Implementation architecture
Three Tiers — One Authority Boundary
Shell
OpenClaw — Operator Access Layer
Five HTTP endpoints on the ollama-local profile (port 19001):
/phoenix-ops-summary (authority snapshot),
/phoenix-ops-status (backend health),
/phoenix-ops-workspace (operator compression surface),
/phoenix-ops-trends (compact trend reporting),
/phoenix-benchmark-summary (deterministic benchmark exposure).
All five are model-free on the correctness path — the gateway routes to shell scripts
that call deterministic Phoenix backends.
Compression
ShowcaseAgent — Routing and Domain Compression
Sits between the shell and the Phoenix domains. Provides deterministic rule-based routing
across 9 domains (41/41, 100% accuracy) and forced-LLM routing for comparison. Meta-tool
compression replaces direct-tool overload with a smaller number of higher-level routing choices.
Authority
Project Phoenix — Deterministic Backends
Correctness, grounding, and solver outputs live here and nowhere else.
Substrate coverage accounts for 82.4% of harness feature importance (Paper 1.10).
The model is never the authority layer. Any feature that would have blurred this
boundary — model-authoritative tool use, endpoint-level correctness decisions,
autonomous escalation — was explicitly deferred.
Use cases — measurement
Making System State Accessible
Use Case 1 — Benchmark Review
openclaw_benchmark_review.sh
Reads benchmark_1_10_results.json and emits a structured operator packet.
Substrate coverage accounts for 82.4% of TourAgent harness feature importance.
The combined model reaches 78% accuracy (+7.5pp over base rate).
ShowcaseAgent's 97.3% base rate means harness features cannot improve on the deterministic floor.
Nine misses across 246 forced-LLM rows reduce to 3 unique queries — routing surface design
failures, not query-content failures. All of this was in the JSON file before the use case
was built.

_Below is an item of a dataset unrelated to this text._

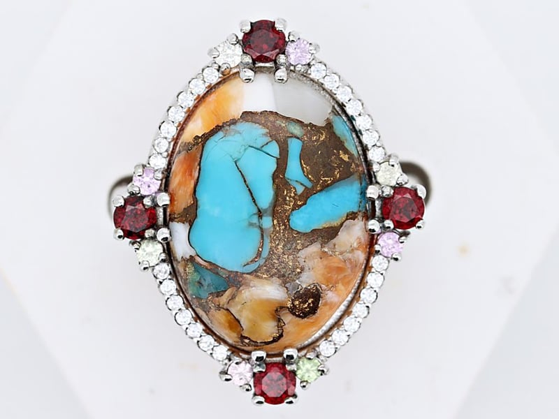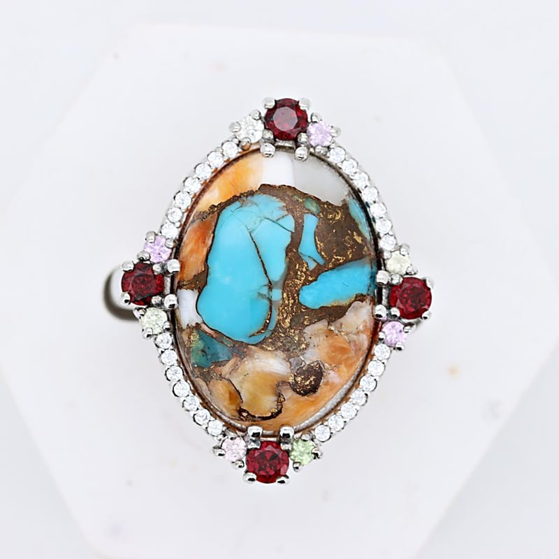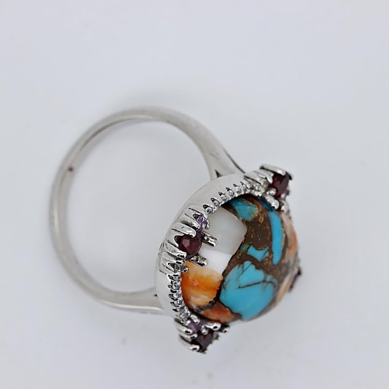 NATURAL MOHAVE TURQUOISE & UMBALITE GARNET RING ON 925 SILVER - WITH DIGITAL CERTIFICATE ONLY Gemstone : Natural Mohave Turquoise & Umbalite GarnetCertificate (Digital): Bigl20240122132882Item Total Weight : 7.42 GramsMain Stone Color : MulticolorSize : 7.3Comments : Main Stone (Turquoise) Has No Indications Of Treatment.Surrounding Stones (Umbalite Garnet) Have No Indications Of Treatment.✻ Verify Report Online At Www.Bangkokinternationalgemlab.Co Condition: Good - Refer Images 01611138+28

The use case made it accessible without requiring manual inspection.
The information existed. It was inaccessible. Now it is not.

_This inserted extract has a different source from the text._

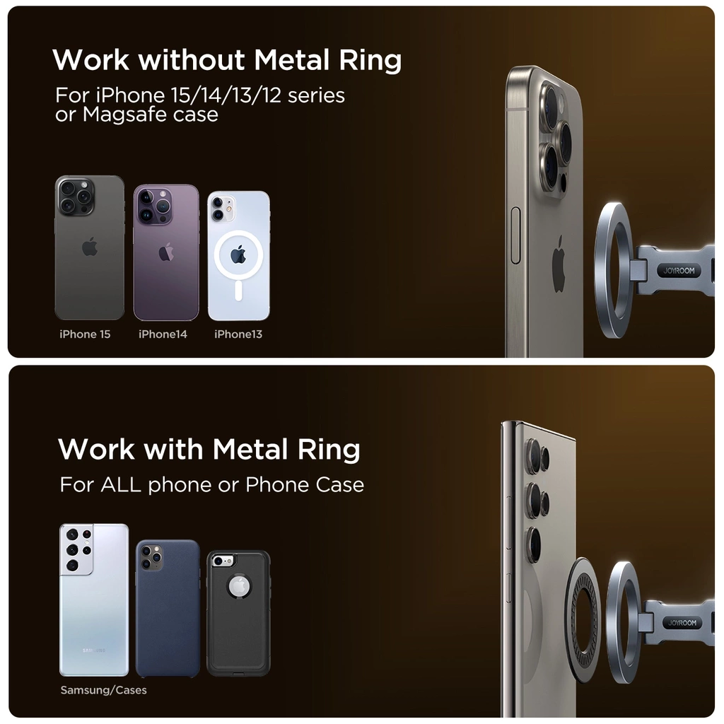Składany uchwyt Joyroom JR-ZS403 zapewnia bezpieczne i stabilne mocowanie smartfona. Dzięki wykorzystaniu potężnych magnesów neodymowych N52 oraz kompatybilności z systemem MagSafe telefon będzie stabilnie umocowany, by kierowca mógł się skupić na drodze. Składany design oraz regulowany zawias (270 stopni) oferują oszczędność miejsca i niezrównaną wygodę użytkowania.

Use Case 2 — Run-Trace Triage
openclaw_run_trace_triage.sh
Reads all four run-trace summary files and maps recurring failure families to replay targets
and escalation verdicts. The triage correctly identifies that the aggregate TourAgent protocol
trace (35% pass rate) is dominated by legacy capture artifacts — the same confound documented
in Paper 1.16. The effective baseline is 6/6 under clean REST API capture.
The only active failure family in the ShowcaseAgent routing lane is a known design gap
tracked as two open incidents. No escalation required.
Aggregate score versus effective baseline — made explicit for the first time.
Use Case 4 — Model Comparison Packet
openclaw_model_comparison_packet.sh
Packages local model protocol comparisons with explicit capture-integrity checks.
The key contribution was not the packet — it was the finding: legacy ollama run
subprocess capture includes VT100 terminal cursor-rewrite sequences that corrupt multi-line
JSON for thinking-mode models, producing systematic false negatives. Under clean REST API
capture, gemma4:31b passes all six protocol probes — the strongest local result on this lane.
gemma4:26b passes with /no_think suppression. This finding became Paper 1.16.
The model comparison packet encodes the corrected results and the capture transport used,
so future operator comparisons carry their own validity metadata.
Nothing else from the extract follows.